J'ai erré autour de la place du Capitole, à la recherche d'un autre bistro politisé. Peine perdue: partout, on me disait craindre la «discorde», voire le «pugilat».

Les deux candidats débattaient depuis une bonne quarantaine de minutes quand j'ai atterri au fond d'un petit bar où j'ai pu regarder la suite de l'affrontement en compagnie d'André et Annie, deux profs à la retraite, Alexandre, gitan évangélique, Romain, propriétaire de la boîte, et Cuong, étudiant vietnamien.

«Pour l'instant, c'est assez égal, mais on n'a pas encore attaqué l'immigration», a dit Annie, quand je lui ai demandé de me résumer le premier round.

«Sarko fait vachement blocus, il n'arrête pas de couper la parole», a pesté André.

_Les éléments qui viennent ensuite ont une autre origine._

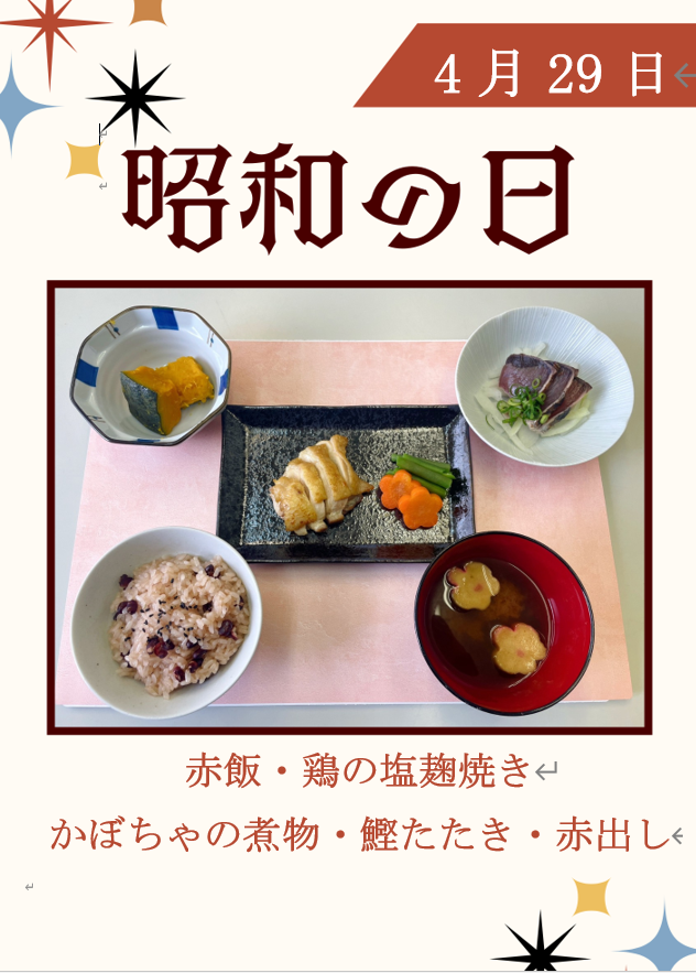 4月29日は昭和の日ということで特別メニューが振舞われます(*^^*)

- Est-ce que cette attitude l'avantage?

- Ça dépend de quel côté on est.

Annie et André sont assurément du côté de François Hollande, et ils l'ont trouvé meilleur que ce qu'ils appréhendaient.

Romain et Alexandre, eux, optent pour Nicolas Sarkozy. «Hollande ne pense qu'aux pauvres», a déploré Romain. Il a pesté contre l'idée d'imposer à 72% les revenus des plus riches. «Ils vont tous partir, même les joueurs de foot.»

Et enfin: «Ce qui me fait le plus peur avec Hollande, c'est l'immigration.»

Quand le débat est finalement tombé sur ce sujet délicat, tout le monde s'est mis à parler à tue-tête, enterrant les échanges entre les deux candidats.

«Tous ces étrangers qui viennent, ça fait moins de travail pour les Français», a dit Alexandre, gitan évangélique. Annie et André ont tenté de le convaincre du contraire.

«Mais tu sais pourquoi ils viennent en France, les étrangers? Parce qu'on les paie pour des emplois dont les Français ne veulent pas...»

Seul Cuong est resté scotché à l'écran. C'est une bonne raison pour lui laisser le dernier mot.

- Alors, qui a été le meilleur?

- Nicolas Sarkozy avait une meilleure technique de débat. Avec François Hollande, l'émotion ne passe pas.

S'il a raison, cela suffira-t-il pour rattraper le retard que le président sortant accuse sur son rival socialiste? Si je me fie à mes compagnons de soirée, les opinions sont déjà bien arrêtées. Et le débat n'y changera rien.